MATERIAL FOR THIS TASK

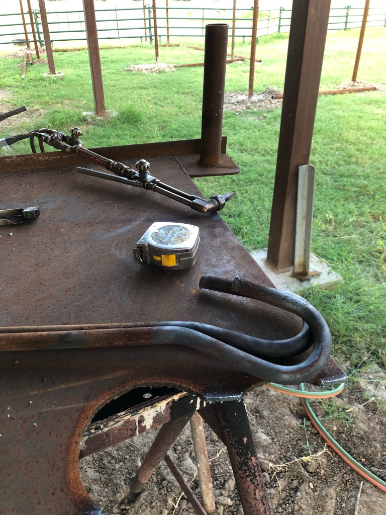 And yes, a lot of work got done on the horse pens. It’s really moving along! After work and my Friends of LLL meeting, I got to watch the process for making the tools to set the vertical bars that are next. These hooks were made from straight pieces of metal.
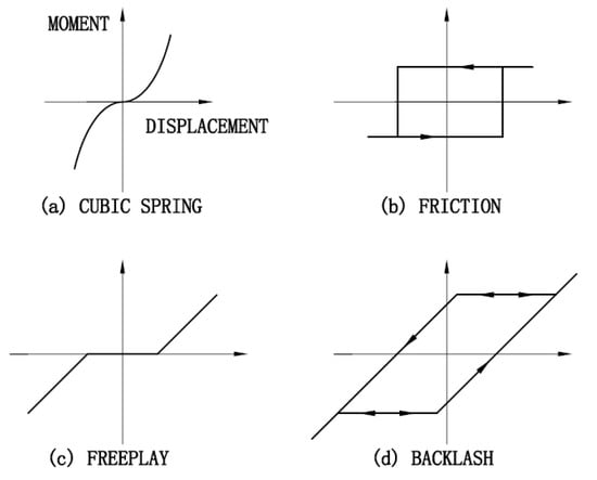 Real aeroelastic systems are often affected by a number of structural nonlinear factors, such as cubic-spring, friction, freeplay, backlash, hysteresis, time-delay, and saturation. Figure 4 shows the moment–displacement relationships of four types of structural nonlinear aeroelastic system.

...

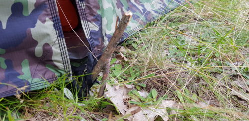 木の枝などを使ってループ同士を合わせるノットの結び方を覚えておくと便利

WHAT YOU SHOULD DO
Return exactly the lines above, from the one with "And yes, a lot" up to and including the one with "Real aeroelastic systems", and include no pictures.

ANSWER TO THIS TASK
 And yes, a lot of work got done on the horse pens. It’s really moving along! After work and my Friends of LLL meeting, I got to watch the process for making the tools to set the vertical bars that are next. These hooks were made from straight pieces of metal.
 Real aeroelastic systems are often affected by a number of structural nonlinear factors, such as cubic-spring, friction, freeplay, backlash, hysteresis, time-delay, and saturation. Figure 4 shows the moment–displacement relationships of four types of structural nonlinear aeroelastic system.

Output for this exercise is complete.